On suit allègrement Guillaume Canet dans ses efforts pour redevenir « rock’n’roll » (après que sa jeune partenaire – Camille Rowe – lui eut annoncé qu’il ne l’était vraiment plus), d’autant que sa compagne Marion Cotillard (Marion Cotillard) gère cette crise existentielle en parlant joual (elle prépare un rôle pour un film de Xavier Dolan), avec une constance qui arrache des cris d’admiration. La seconde partie du film, qui imagine non plus un relooking, mais un remodelage, relève de l’absurde, un genre plus périlleux, dans lequel Guillaume Canet (le réalisateur) s’enlise, faute d’avoir trouvé le bon rythme.

Film français de et avec Guillaume Canet, avec Marion Cotillard, Yvan Attal (2 h 03).

L’HOMME DE TOUS LES ÉCRANS : cycle Pierre Chevalier à la Cinémathèque

Pierre Chevalier (Bande annonce)
Durée : 01:16

Dans les années 1990, alors que le cinéma français n’était pas dans une forme éblouissante, les jeunes auteurs ont trouvé une oasis inattendue, à la télévision, sur la chaîne Arte.

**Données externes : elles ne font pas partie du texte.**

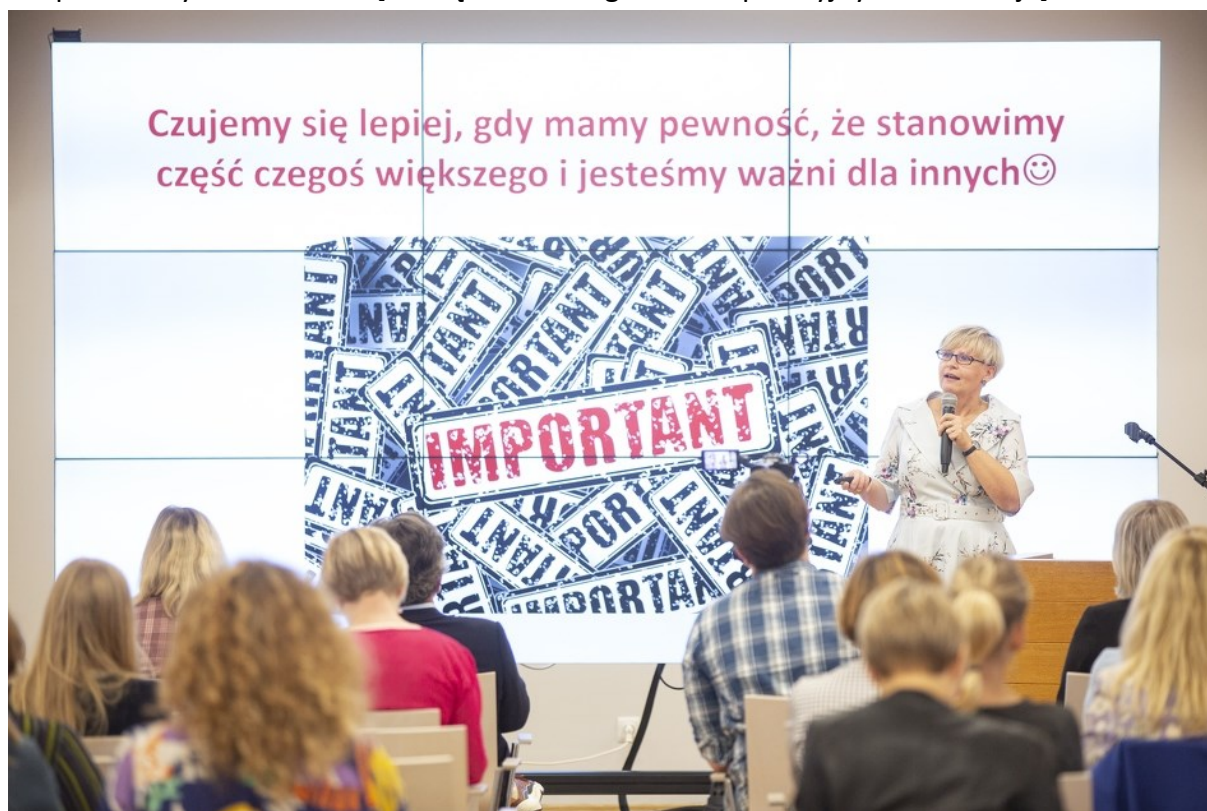
Rycina 4. Inauguracja Tygodnia Szczęścia w szkole.

po co, siła pochwały, jak przekazywać pozytywne informacje); zarejestrowano ponad 2 tys. odbiorców. [Powiązanie z Programem Operacyjnym I. Edukacja]

Pierre Chevalier, le directeur de l’unité fiction, leur offrait un espace de liberté, dans lequel Claire Denis, Olivier Assayas, Cédric Klapisch, Pascale Ferran, Robert Guédiguian ou André Téchiné ont pu élaborer des œuvres qui étaient parfois des films achevés, d’autres fois la préfiguration de longs-métrages à venir.

Dans la première catégorie, on trouve Marius et Jeannette, de Guédiguian, ou Ressources humaines, de Laurent Cantet. Dans la seconde, des épisodes des séries Tous les garçons et les filles ou L’An 2000 vu par sont devenus L’Eau froide, d’Assayas, The Hole, de Tsai Ming-Liang, ou Les Roseaux sauvages, de Téchiné. La Cinémathèque offre un vaste panorama de ce travail resté sans égal. Nombre de séances seront présentées par les réalisateurs qui ont travaillé avec Pierre Chevalier.

Cinémathèque française, 51, rue de Bercy, du 15 février au 20 mars.